EXERCISE PROMPT:
All of the data should be restated word for word, with the pictures omitted.
*** Opening DATA SHOWN ***
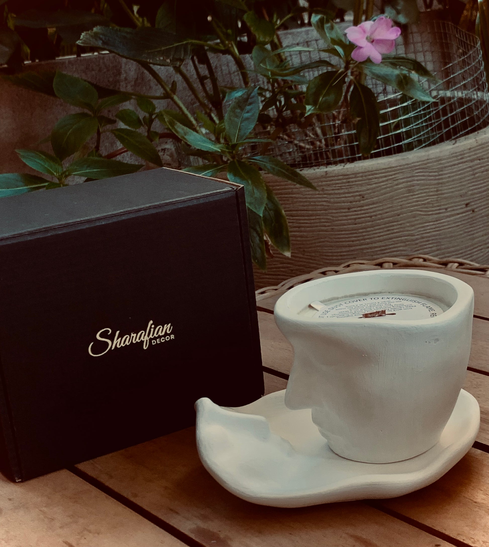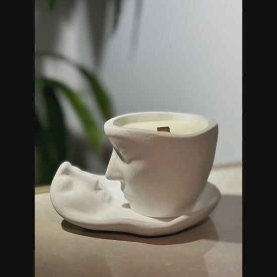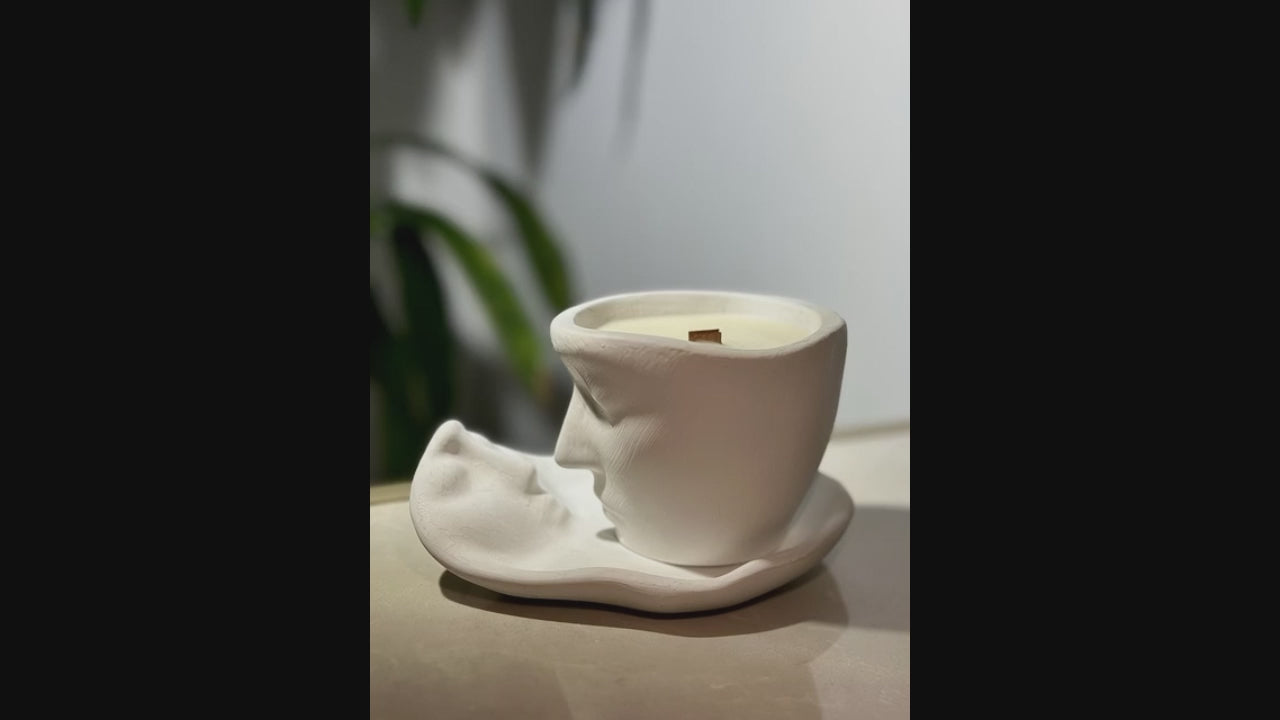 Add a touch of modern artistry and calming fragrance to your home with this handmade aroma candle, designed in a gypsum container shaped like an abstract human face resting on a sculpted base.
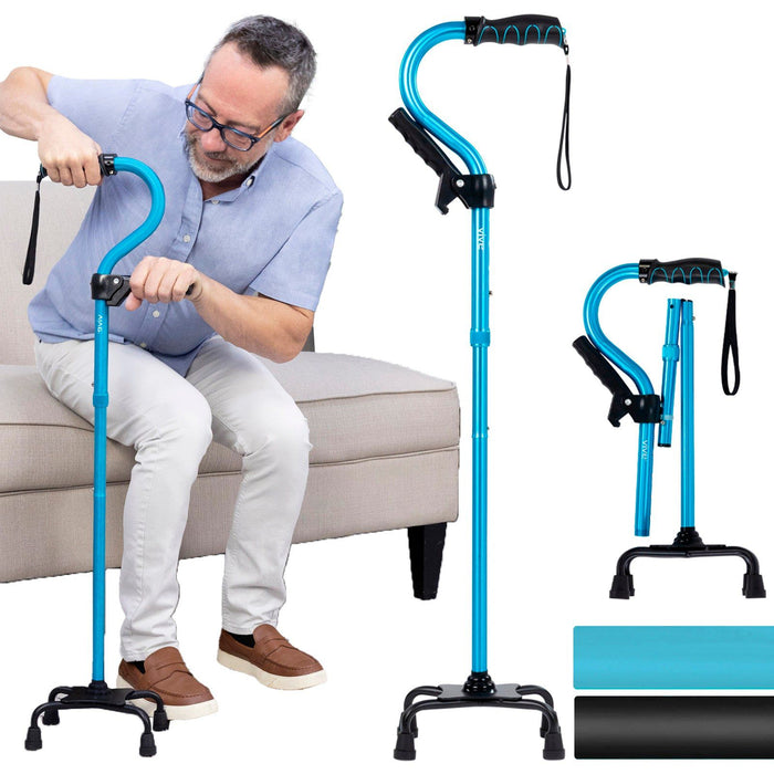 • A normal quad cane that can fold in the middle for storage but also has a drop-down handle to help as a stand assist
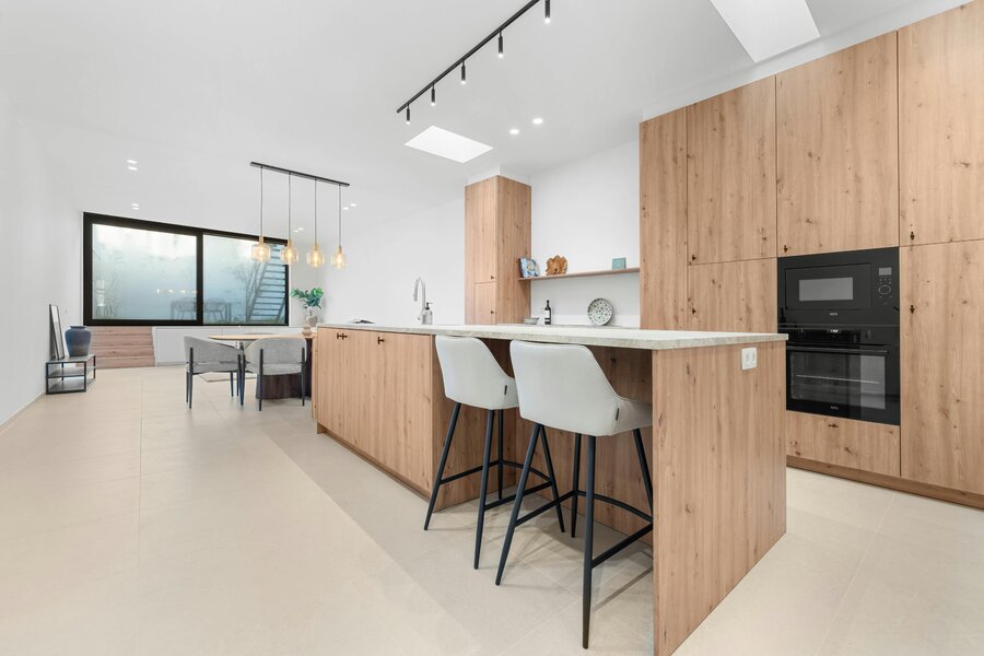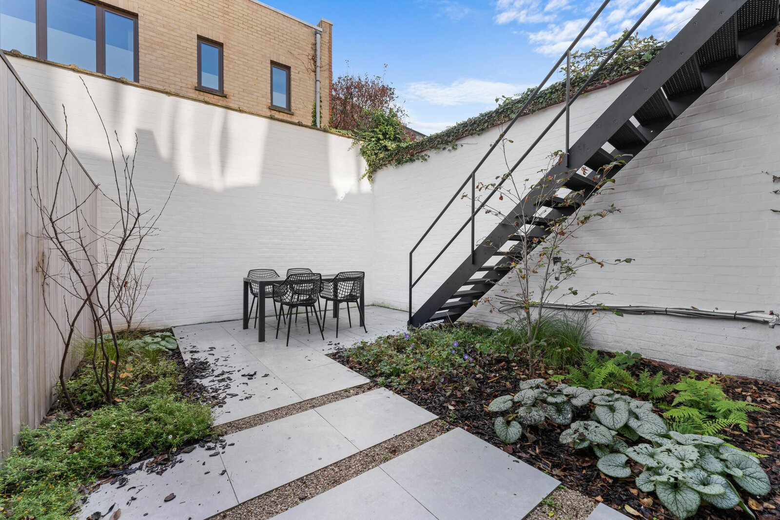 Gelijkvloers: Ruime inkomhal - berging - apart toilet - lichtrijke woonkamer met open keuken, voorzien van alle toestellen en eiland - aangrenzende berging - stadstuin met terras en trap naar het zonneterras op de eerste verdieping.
*** Closing DATA SHOWN ***
WRITTEN SOLUTION:
 Add a touch of modern artistry and calming fragrance to your home with this handmade aroma candle, designed in a gypsum container shaped like an abstract human face resting on a sculpted base.
 • A normal quad cane that can fold in the middle for storage but also has a drop-down handle to help as a stand assist
 Gelijkvloers: Ruime inkomhal - berging - apart toilet - lichtrijke woonkamer met open keuken, voorzien van alle toestellen en eiland - aangrenzende berging - stadstuin met terras en trap naar het zonneterras op de eerste verdieping.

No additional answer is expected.